= SAFSTOR =

Options for nuclear decommissioning of a shut down plant in the United States

SAFSTOR is a nuclear decommissioning method in which a nuclear power plant or facility governed by the United States Nuclear Regulatory Commission, is "placed and maintained in a condition that allows the facility to be safely stored and subsequently decontaminated (deferred decontamination) to levels that permit release for unrestricted use".

During SAFSTOR the de-fuelled plant is monitored before complete decontamination and dismantling of the site, to a condition where nuclear licensing is no longer required. The decommissioning must be completed within 60 years of the plant ceasing operations.

During the storage interval, some of the radioactive contaminants of the reactor and power plant will decay, which will reduce the quantity of radioactive material to be removed during the final decontamination phase.

==Levels==
Different sub-levels of SAFSTOR are recognized, which vary in the type of activity and monitoring required.

- In "hot/cold standby" the plant is kept in operating condition but not actively delivering power; monitoring and maintenance is similar to that during a long outage. This may be the first step to allow planning of further shutdown and decommissioning.
- In "custodial SAFSTOR" systems such as radiation monitoring and ventilation are kept in operation, along with continuous site security and maintenance. Minimal initial decontamination is done.
- "Passive SAFSTOR" requires a more thorough initial clean up, but allows only intermittent inspection of the site and shutdown of active systems such as radiation monitoring.
- "Hardened SAFSTOR" prevents intrusion on contaminated parts of the plant by substantial barriers.

All varieties of SAFSTOR require positive action to decontaminate the site at the end of the storage period.

== Alternative options ==
The other options set by the NRC are nuclear decommissioning which is immediate dismantling of the plant and remediation of the site, and nuclear entombment which is the enclosure of contaminated parts of the plant in a permanent layer of concrete. Mixtures of options may be used, for example, immediate removal of steam turbine components and condensers, and SAFSTOR for the more heavily radioactive containment vessel.
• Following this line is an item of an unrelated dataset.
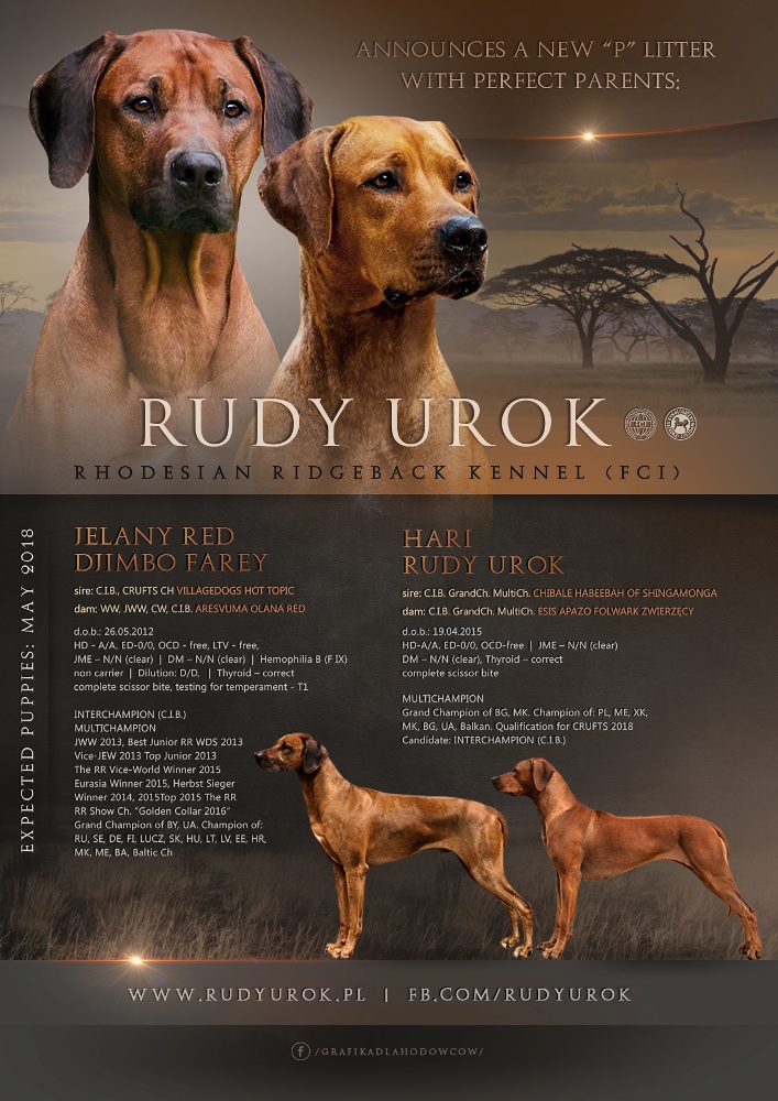 - zdrowie przyszłych szczeniąt (szczegółowo analizując m.in. badania genetyczne, badania pod kątem dysplazji oraz poprzednie mioty rodziców – nie występowały w nich żadne problemy zdrowotne). Rodzice tego miotu (i tym samym szczenięta) wolne są m.in. od dość powszechnej wśród rodezjanów młodzieńczej epilepsji (Juvenile Myoclonic Epilepsy),

Since NRC requires decommissioning to be completed within 60 years, ENTOMB is not usually chosen since not all activity will have decayed to an unregulated background level in that time.
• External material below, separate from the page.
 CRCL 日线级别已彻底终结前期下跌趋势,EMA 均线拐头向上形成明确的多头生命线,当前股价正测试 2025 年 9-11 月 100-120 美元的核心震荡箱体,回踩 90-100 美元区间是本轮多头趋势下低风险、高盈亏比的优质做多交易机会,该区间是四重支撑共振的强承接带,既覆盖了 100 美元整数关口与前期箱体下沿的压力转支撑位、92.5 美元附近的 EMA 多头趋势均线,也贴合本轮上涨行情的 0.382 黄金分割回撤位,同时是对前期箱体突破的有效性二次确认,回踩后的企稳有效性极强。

Decommissioning options for a retired nuclear plant may be chosen based on availability of decommissioning funds, operation of other reactors at the same site, or availability of waste disposal facilities. In 2004, 11 reactors were planned for DECON and 9 for SAFSTOR. In 2008, 14 shutdown commercial power reactors were planned for or had completed DECON, 11 were in SAFSTOR, 3 were in ENTOMB and Three Mile Island unit 2 was defuelled and will be decontaminated when Unit 1 ceases operation.